→ **TASK TO COMPLETE**:
A set of records appears below. Print them all, word for word.

→ **RAW DATA**:
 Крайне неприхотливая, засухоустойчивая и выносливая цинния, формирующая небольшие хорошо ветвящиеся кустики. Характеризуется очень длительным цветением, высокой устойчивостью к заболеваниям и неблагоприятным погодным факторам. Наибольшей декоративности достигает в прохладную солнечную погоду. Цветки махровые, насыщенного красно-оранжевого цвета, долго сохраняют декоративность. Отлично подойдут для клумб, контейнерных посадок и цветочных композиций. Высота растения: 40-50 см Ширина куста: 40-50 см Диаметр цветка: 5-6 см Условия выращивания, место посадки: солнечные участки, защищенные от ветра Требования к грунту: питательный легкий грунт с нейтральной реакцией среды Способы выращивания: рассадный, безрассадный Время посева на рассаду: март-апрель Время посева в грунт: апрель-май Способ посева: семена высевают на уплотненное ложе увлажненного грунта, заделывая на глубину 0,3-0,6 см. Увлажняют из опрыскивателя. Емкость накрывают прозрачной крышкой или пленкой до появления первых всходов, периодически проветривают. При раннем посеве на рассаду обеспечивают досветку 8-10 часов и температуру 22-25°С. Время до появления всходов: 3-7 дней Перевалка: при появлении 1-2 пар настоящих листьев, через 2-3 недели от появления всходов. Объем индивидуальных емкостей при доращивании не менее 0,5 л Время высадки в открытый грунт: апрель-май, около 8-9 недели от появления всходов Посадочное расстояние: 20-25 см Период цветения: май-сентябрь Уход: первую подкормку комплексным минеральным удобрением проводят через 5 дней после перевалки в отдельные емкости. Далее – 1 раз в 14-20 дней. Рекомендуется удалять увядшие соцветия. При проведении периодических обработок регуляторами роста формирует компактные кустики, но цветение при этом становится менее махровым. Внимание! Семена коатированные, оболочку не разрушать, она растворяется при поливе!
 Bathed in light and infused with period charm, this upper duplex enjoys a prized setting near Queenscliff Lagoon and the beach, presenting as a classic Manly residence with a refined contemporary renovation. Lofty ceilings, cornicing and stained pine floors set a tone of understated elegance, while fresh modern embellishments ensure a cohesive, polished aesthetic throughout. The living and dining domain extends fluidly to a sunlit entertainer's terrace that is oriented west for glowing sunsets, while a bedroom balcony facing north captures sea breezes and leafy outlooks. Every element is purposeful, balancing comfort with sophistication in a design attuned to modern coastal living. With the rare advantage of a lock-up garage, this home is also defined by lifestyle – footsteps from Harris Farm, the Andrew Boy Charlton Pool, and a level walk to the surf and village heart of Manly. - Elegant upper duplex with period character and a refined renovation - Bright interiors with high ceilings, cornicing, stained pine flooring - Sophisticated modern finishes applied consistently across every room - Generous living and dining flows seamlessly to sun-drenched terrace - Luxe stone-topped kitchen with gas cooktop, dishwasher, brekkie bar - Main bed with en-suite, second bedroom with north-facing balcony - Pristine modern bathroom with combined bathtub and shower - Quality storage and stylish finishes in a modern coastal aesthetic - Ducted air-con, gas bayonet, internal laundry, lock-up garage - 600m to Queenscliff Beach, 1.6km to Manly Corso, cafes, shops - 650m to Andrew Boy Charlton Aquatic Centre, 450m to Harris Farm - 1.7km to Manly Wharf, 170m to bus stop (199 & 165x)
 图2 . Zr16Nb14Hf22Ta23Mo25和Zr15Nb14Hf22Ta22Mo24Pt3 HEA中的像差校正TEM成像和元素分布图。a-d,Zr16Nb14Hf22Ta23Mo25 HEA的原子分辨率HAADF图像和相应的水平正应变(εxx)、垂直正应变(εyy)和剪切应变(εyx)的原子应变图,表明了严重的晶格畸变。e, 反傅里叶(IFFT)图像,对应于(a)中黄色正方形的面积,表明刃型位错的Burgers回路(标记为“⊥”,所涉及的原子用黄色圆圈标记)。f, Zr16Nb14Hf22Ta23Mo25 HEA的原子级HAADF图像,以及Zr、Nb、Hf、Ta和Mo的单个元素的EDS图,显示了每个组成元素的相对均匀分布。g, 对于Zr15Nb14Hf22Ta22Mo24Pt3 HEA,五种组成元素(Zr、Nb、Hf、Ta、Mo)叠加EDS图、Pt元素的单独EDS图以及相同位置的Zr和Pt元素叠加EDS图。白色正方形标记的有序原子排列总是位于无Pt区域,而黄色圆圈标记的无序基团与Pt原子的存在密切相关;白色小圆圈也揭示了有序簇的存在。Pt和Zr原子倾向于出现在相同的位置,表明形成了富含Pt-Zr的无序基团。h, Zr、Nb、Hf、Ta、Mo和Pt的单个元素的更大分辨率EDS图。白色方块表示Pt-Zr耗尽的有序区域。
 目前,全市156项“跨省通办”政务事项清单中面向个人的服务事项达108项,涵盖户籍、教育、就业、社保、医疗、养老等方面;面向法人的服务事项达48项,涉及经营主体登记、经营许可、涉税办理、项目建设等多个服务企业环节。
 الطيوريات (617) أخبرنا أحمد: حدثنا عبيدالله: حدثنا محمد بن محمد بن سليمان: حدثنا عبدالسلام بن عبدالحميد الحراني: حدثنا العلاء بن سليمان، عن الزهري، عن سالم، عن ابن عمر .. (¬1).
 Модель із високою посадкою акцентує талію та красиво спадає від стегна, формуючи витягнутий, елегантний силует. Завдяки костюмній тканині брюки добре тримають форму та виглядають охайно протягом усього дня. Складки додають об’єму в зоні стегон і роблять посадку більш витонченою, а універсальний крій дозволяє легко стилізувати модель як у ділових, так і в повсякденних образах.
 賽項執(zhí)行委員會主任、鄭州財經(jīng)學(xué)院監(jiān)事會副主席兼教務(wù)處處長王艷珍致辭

→ **TASK ANSWER**:
 Крайне неприхотливая, засухоустойчивая и выносливая цинния, формирующая небольшие хорошо ветвящиеся кустики. Характеризуется очень длительным цветением, высокой устойчивостью к заболеваниям и неблагоприятным погодным факторам. Наибольшей декоративности достигает в прохладную солнечную погоду. Цветки махровые, насыщенного красно-оранжевого цвета, долго сохраняют декоративность. Отлично подойдут для клумб, контейнерных посадок и цветочных композиций. Высота растения: 40-50 см Ширина куста: 40-50 см Диаметр цветка: 5-6 см Условия выращивания, место посадки: солнечные участки, защищенные от ветра Требования к грунту: питательный легкий грунт с нейтральной реакцией среды Способы выращивания: рассадный, безрассадный Время посева на рассаду: март-апрель Время посева в грунт: апрель-май Способ посева: семена высевают на уплотненное ложе увлажненного грунта, заделывая на глубину 0,3-0,6 см. Увлажняют из опрыскивателя. Емкость накрывают прозрачной крышкой или пленкой до появления первых всходов, периодически проветривают. При раннем посеве на рассаду обеспечивают досветку 8-10 часов и температуру 22-25°С. Время до появления всходов: 3-7 дней Перевалка: при появлении 1-2 пар настоящих листьев, через 2-3 недели от появления всходов. Объем индивидуальных емкостей при доращивании не менее 0,5 л Время высадки в открытый грунт: апрель-май, около 8-9 недели от появления всходов Посадочное расстояние: 20-25 см Период цветения: май-сентябрь Уход: первую подкормку комплексным минеральным удобрением проводят через 5 дней после перевалки в отдельные емкости. Далее – 1 раз в 14-20 дней. Рекомендуется удалять увядшие соцветия. При проведении периодических обработок регуляторами роста формирует компактные кустики, но цветение при этом становится менее махровым. Внимание! Семена коатированные, оболочку не разрушать, она растворяется при поливе!
 Bathed in light and infused with period charm, this upper duplex enjoys a prized setting near Queenscliff Lagoon and the beach, presenting as a classic Manly residence with a refined contemporary renovation. Lofty ceilings, cornicing and stained pine floors set a tone of understated elegance, while fresh modern embellishments ensure a cohesive, polished aesthetic throughout. The living and dining domain extends fluidly to a sunlit entertainer's terrace that is oriented west for glowing sunsets, while a bedroom balcony facing north captures sea breezes and leafy outlooks. Every element is purposeful, balancing comfort with sophistication in a design attuned to modern coastal living. With the rare advantage of a lock-up garage, this home is also defined by lifestyle – footsteps from Harris Farm, the Andrew Boy Charlton Pool, and a level walk to the surf and village heart of Manly. - Elegant upper duplex with period character and a refined renovation - Bright interiors with high ceilings, cornicing, stained pine flooring - Sophisticated modern finishes applied consistently across every room - Generous living and dining flows seamlessly to sun-drenched terrace - Luxe stone-topped kitchen with gas cooktop, dishwasher, brekkie bar - Main bed with en-suite, second bedroom with north-facing balcony - Pristine modern bathroom with combined bathtub and shower - Quality storage and stylish finishes in a modern coastal aesthetic - Ducted air-con, gas bayonet, internal laundry, lock-up garage - 600m to Queenscliff Beach, 1.6km to Manly Corso, cafes, shops - 650m to Andrew Boy Charlton Aquatic Centre, 450m to Harris Farm - 1.7km to Manly Wharf, 170m to bus stop (199 & 165x)
 图2 . Zr16Nb14Hf22Ta23Mo25和Zr15Nb14Hf22Ta22Mo24Pt3 HEA中的像差校正TEM成像和元素分布图。a-d,Zr16Nb14Hf22Ta23Mo25 HEA的原子分辨率HAADF图像和相应的水平正应变(εxx)、垂直正应变(εyy)和剪切应变(εyx)的原子应变图,表明了严重的晶格畸变。e, 反傅里叶(IFFT)图像,对应于(a)中黄色正方形的面积,表明刃型位错的Burgers回路(标记为“⊥”,所涉及的原子用黄色圆圈标记)。f, Zr16Nb14Hf22Ta23Mo25 HEA的原子级HAADF图像,以及Zr、Nb、Hf、Ta和Mo的单个元素的EDS图,显示了每个组成元素的相对均匀分布。g, 对于Zr15Nb14Hf22Ta22Mo24Pt3 HEA,五种组成元素(Zr、Nb、Hf、Ta、Mo)叠加EDS图、Pt元素的单独EDS图以及相同位置的Zr和Pt元素叠加EDS图。白色正方形标记的有序原子排列总是位于无Pt区域,而黄色圆圈标记的无序基团与Pt原子的存在密切相关;白色小圆圈也揭示了有序簇的存在。Pt和Zr原子倾向于出现在相同的位置,表明形成了富含Pt-Zr的无序基团。h, Zr、Nb、Hf、Ta、Mo和Pt的单个元素的更大分辨率EDS图。白色方块表示Pt-Zr耗尽的有序区域。
 目前,全市156项“跨省通办”政务事项清单中面向个人的服务事项达108项,涵盖户籍、教育、就业、社保、医疗、养老等方面;面向法人的服务事项达48项,涉及经营主体登记、经营许可、涉税办理、项目建设等多个服务企业环节。
 الطيوريات (617) أخبرنا أحمد: حدثنا عبيدالله: حدثنا محمد بن محمد بن سليمان: حدثنا عبدالسلام بن عبدالحميد الحراني: حدثنا العلاء بن سليمان، عن الزهري، عن سالم، عن ابن عمر .. (¬1).
 Модель із високою посадкою акцентує талію та красиво спадає від стегна, формуючи витягнутий, елегантний силует. Завдяки костюмній тканині брюки добре тримають форму та виглядають охайно протягом усього дня. Складки додають об’єму в зоні стегон і роблять посадку більш витонченою, а універсальний крій дозволяє легко стилізувати модель як у ділових, так і в повсякденних образах.
 賽項執(zhí)行委員會主任、鄭州財經(jīng)學(xué)院監(jiān)事會副主席兼教務(wù)處處長王艷珍致辭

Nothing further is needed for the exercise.